# Problem to work on
Restate word for word the entries below, starting at the line with "1905 Indian Cent" and ending at the line with "Star Wars gingerbread". Keep both end lines and omit the pictures.

# Exercise inputs
Content starts
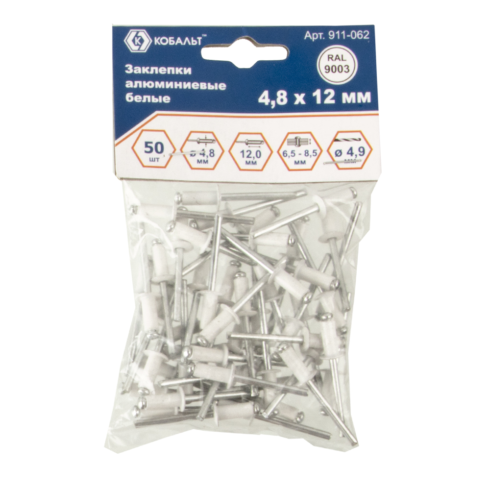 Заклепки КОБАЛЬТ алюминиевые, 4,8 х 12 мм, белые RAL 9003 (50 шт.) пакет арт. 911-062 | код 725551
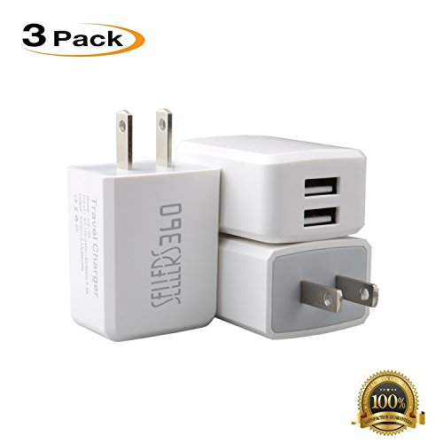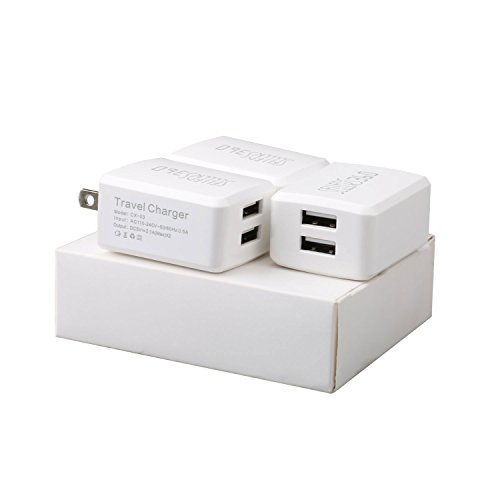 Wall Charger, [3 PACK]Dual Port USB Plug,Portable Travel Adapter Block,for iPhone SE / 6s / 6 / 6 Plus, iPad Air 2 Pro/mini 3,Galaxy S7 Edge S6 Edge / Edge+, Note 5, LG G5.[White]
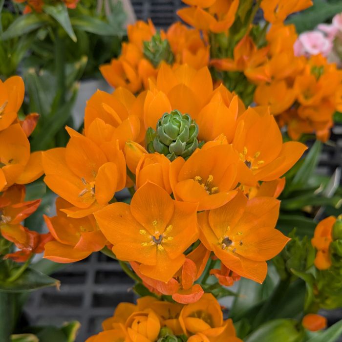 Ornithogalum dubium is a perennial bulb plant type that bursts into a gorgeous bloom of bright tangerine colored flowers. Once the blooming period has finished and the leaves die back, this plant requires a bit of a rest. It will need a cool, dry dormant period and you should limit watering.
Content ends
Content starts
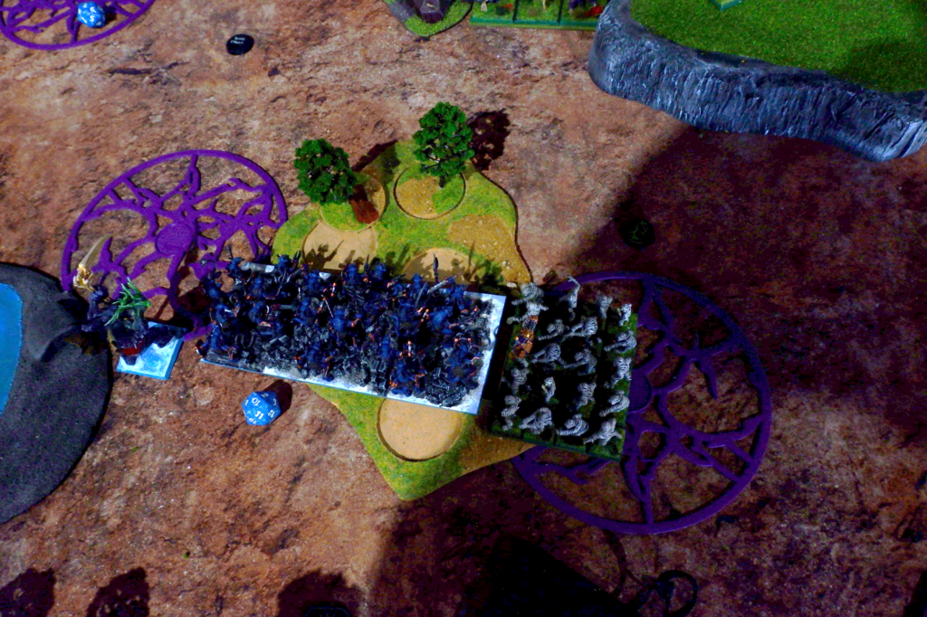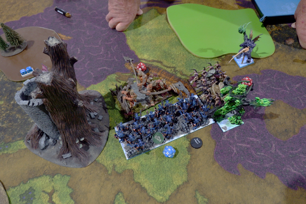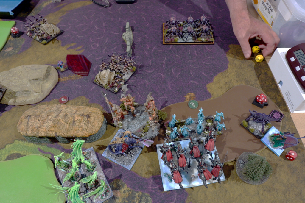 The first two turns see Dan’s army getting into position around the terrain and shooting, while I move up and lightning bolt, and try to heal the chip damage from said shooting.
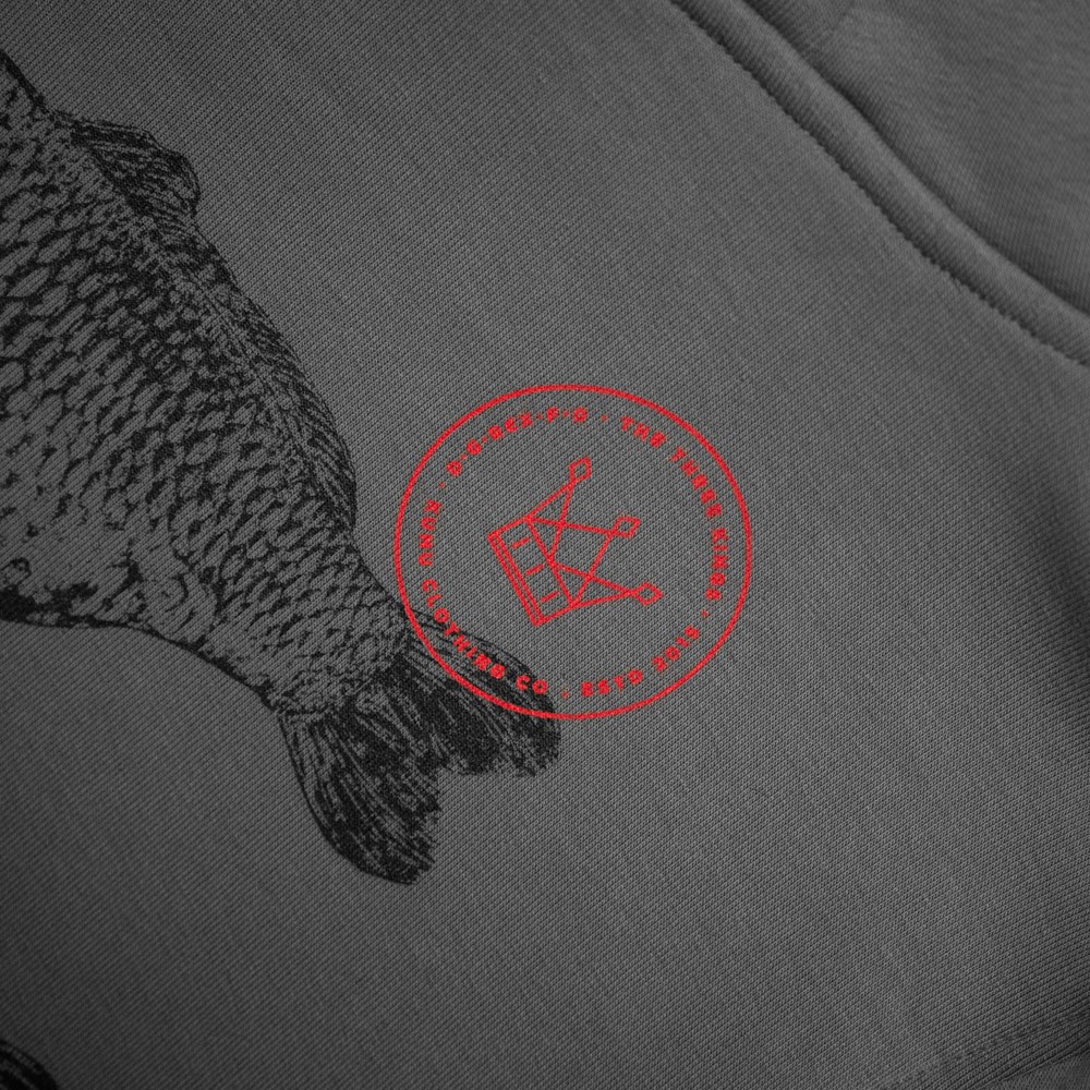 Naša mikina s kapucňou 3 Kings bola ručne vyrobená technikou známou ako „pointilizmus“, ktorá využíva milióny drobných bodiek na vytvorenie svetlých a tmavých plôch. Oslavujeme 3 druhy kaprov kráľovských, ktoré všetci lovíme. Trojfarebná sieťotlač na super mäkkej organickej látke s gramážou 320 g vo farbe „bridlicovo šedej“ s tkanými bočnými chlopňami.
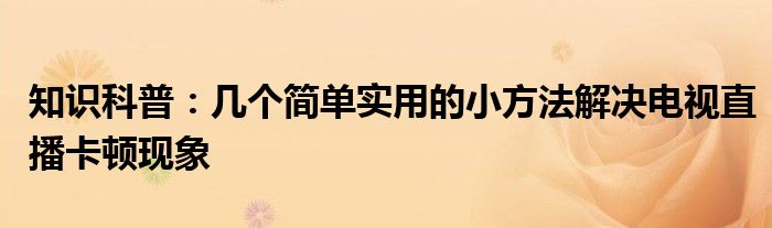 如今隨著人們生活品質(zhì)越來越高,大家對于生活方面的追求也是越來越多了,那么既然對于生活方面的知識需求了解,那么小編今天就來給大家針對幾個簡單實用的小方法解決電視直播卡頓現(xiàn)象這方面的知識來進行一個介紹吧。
Content ends
Content starts
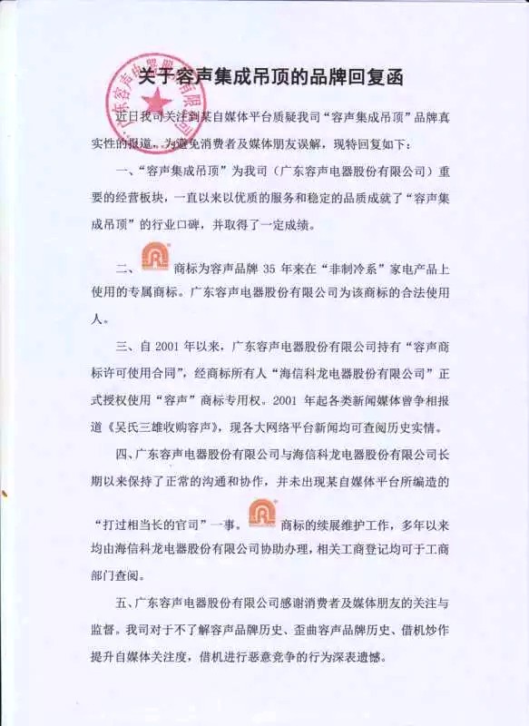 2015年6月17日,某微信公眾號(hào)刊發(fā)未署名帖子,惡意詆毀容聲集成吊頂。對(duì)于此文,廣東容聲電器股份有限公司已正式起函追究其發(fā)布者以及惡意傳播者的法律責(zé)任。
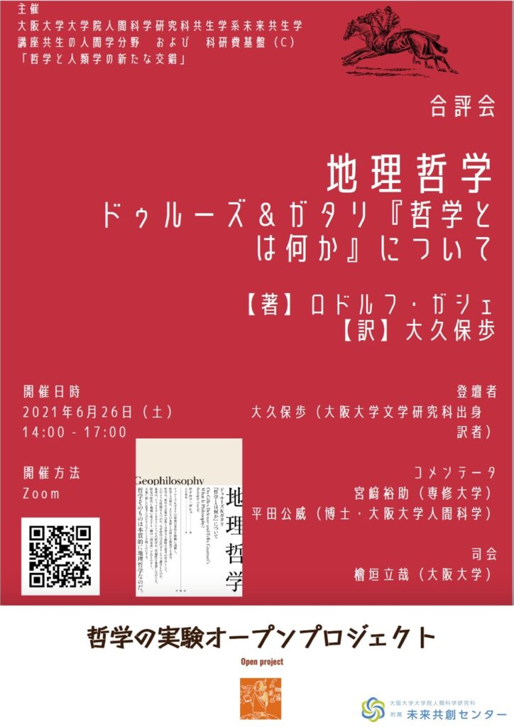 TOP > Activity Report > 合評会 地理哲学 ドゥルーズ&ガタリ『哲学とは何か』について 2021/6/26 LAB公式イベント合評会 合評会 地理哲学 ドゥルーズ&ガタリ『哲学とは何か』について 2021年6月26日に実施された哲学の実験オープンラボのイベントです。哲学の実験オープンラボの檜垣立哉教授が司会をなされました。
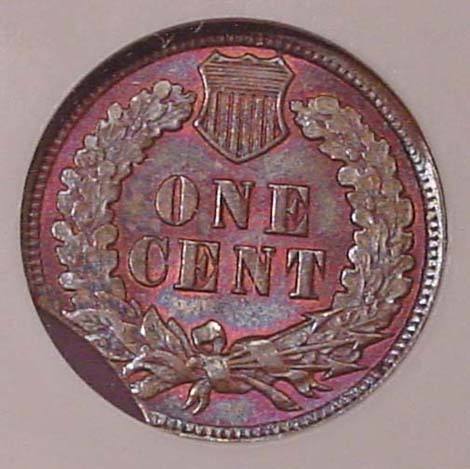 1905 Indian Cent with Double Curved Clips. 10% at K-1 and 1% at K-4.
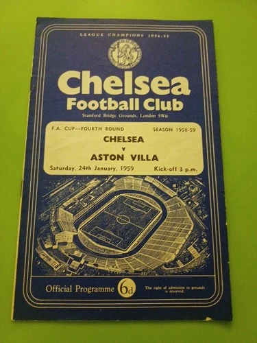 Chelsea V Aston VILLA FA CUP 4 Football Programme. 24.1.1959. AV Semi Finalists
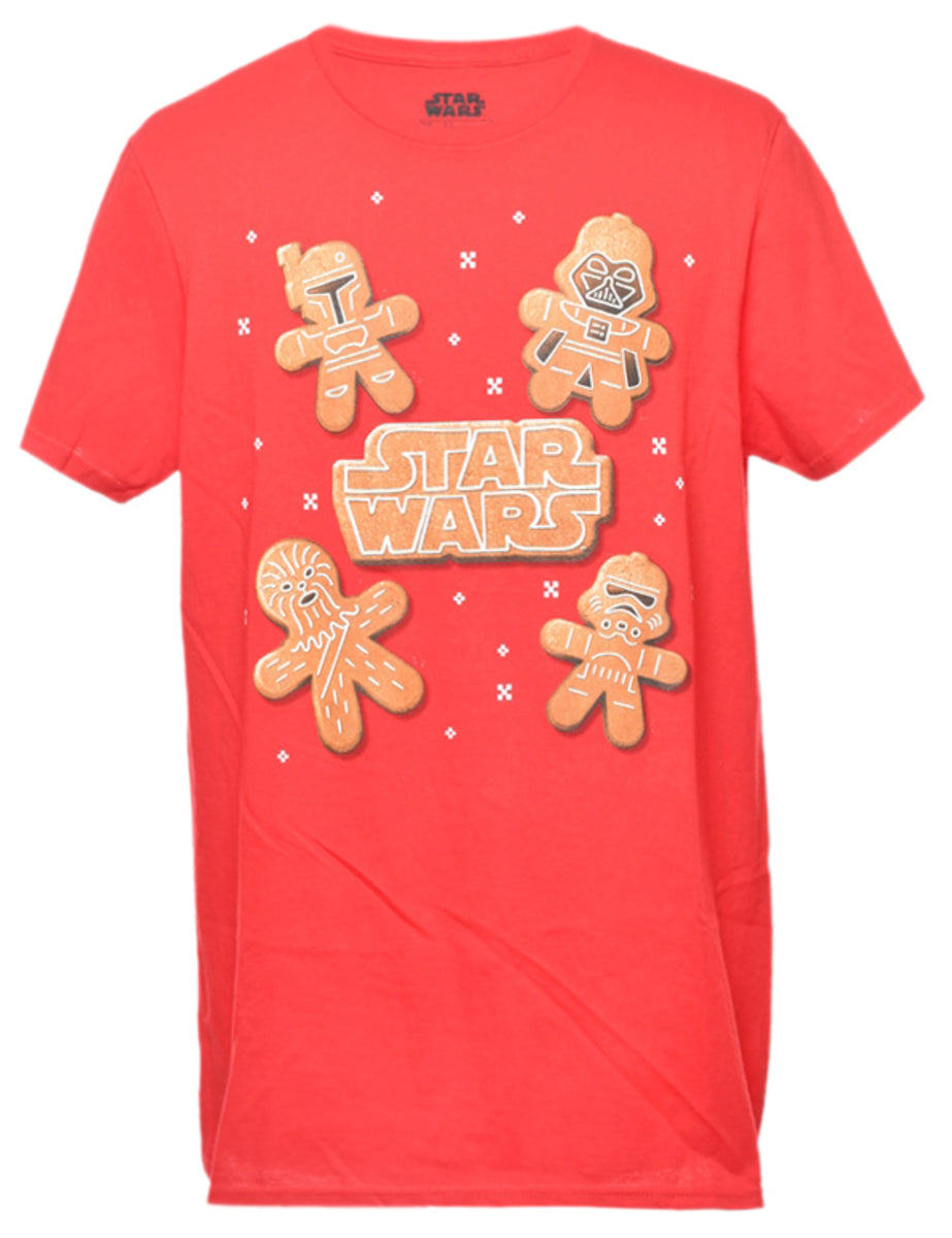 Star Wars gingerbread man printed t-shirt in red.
Content ends
# Solution to this problem
 1905 Indian Cent with Double Curved Clips. 10% at K-1 and 1% at K-4.
 Chelsea V Aston VILLA FA CUP 4 Football Programme. 24.1.1959. AV Semi Finalists
 Star Wars gingerbread man printed t-shirt in red.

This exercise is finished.